Sunday, May 6, 2012

The Impact of Major Urban Architectural Projects



There is a natural reaction from citizens and from governments when their cultures are not reflected in urban building projects. This often comes up in the Middle East. So many international architects make it their business to be contextual. As a result, their projects will feature doves, camels, falcons and other first-degree symbols of local history.

This issue is fascinating because if you look back a hundred years, you find that there was still such a thing as Indian architecture, Thai architecture, Chinese architecture, African architecture, Dutch architecture and Russian architecture. But now, almost all of these languages have disappeared, and are subsumed in a larger and seemingly universal style. The process has been like the disappearance of a spoken language.
Remnants of these differences still exist. For example, a high-rise in Singapore is inhabited in a very different way from a high-rise in the suburbs of Paris or a high-rise in China. Each of these cultures, which once had its own form of speaking, is not trying to resurrect its old language, but is interested in defining and asserting its uniqueness again.
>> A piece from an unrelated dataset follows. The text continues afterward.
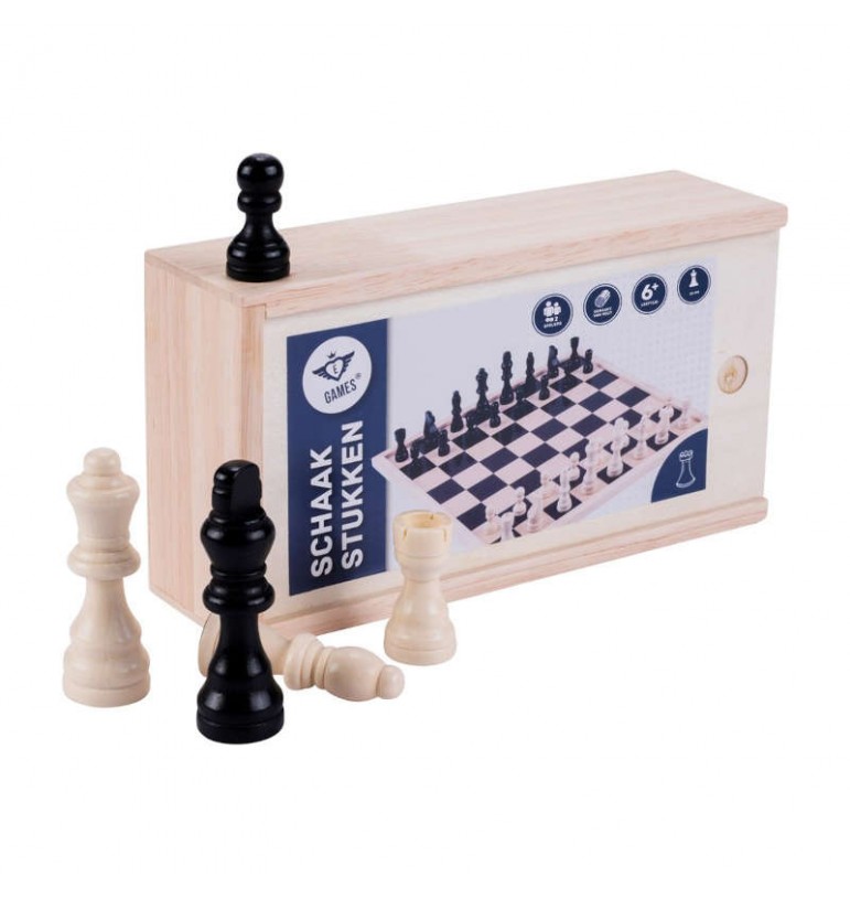 The wooden chess pieces are of good quality, made in India. These 32 chess pieces come with a pinewood storage box with compartments. The chessboard is not included (non-contractual photo)

On the other hand, some cultures have managed to maintain their distinctiveness. It still is meaningful to say that someone is a Japanese architect, but relatively meaningless to say that someone is an American or a Dutch architect. The Dutch happily subsumed their identity into international modernism and found international resonances and connections. In Japan, however, there has always been an insistence that even a modern thing should respect tradition. Japanese forms are still particularly careful, particularly well made, particularly intricate; they do not surrender to a large or brutal scale.